Provisional tax applies to all taxpayers who receive non-salaried income or realise capital gains during the relevant year of assessment. Every provisional taxpayer must submit provisional tax returns reflecting the taxpayer’s total estimated taxable income for the year. The provisional tax system is not a separate tax from income tax but is rather simply a mechanism that allows the tax liability to spread over the relevant year of assessment. Upon assessment, the provisional tax payments will be offset against the normal tax liability.

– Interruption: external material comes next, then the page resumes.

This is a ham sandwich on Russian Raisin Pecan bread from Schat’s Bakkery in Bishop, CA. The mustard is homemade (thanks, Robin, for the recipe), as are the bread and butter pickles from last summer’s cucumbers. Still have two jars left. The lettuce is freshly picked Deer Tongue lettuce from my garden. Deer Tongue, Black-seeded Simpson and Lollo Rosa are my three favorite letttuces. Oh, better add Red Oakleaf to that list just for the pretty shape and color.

Provisional tax returns (and payments, if applicable) are due twice within a tax year. The first provisional tax return is due within the first six months of the commencement of the tax year (for individuals, this is 30 August 2024), and the second at the end of the tax year (28 February 2025). There is also the option of a third voluntary payment after the tax year (for individuals this can be submitted before the last business day of September) should an amount be outstanding before a person’s tax return is submitted.

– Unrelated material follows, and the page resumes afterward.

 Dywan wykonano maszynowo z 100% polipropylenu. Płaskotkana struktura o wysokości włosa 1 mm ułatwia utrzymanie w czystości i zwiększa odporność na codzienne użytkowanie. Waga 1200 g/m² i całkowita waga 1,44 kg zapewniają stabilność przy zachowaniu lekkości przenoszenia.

With the first provisional filing deadline approaching, it is important to be made aware of the potential penalties that may arise due to inaccurate provisional tax submissions. For the first period, there is no underestimation penalty (i.e., where your taxable income is underestimated). However, a late payment penalty of 10% of the total tax amount payable will apply where payment is not made by 30 August 2024. It is, therefore, important to ensure that you make provision for your bank’s cut-off times and a clearance period that could take two to five days.
An underestimation penalty is levied when a taxpayer’s actual taxable income is more than the taxable estimate submitted on the second provisional tax return. Such penalty amount depends on whether the taxpayer’s actual taxable income is more (or less) than R1 million. For taxable income of R1 million or less, an underestimation penalty will apply if the estimated taxable income is less than 90% of actual taxable income; and the basic amount applicable to the second period. For taxable income of more than R1 million, an underestimation penalty will apply if the estimated taxable income is less than 80% of actual taxable income.
In the event of a penalty, we recommend that you consult with your tax advisor as, depending on the circumstances, the provisional tax penalties may be remitted.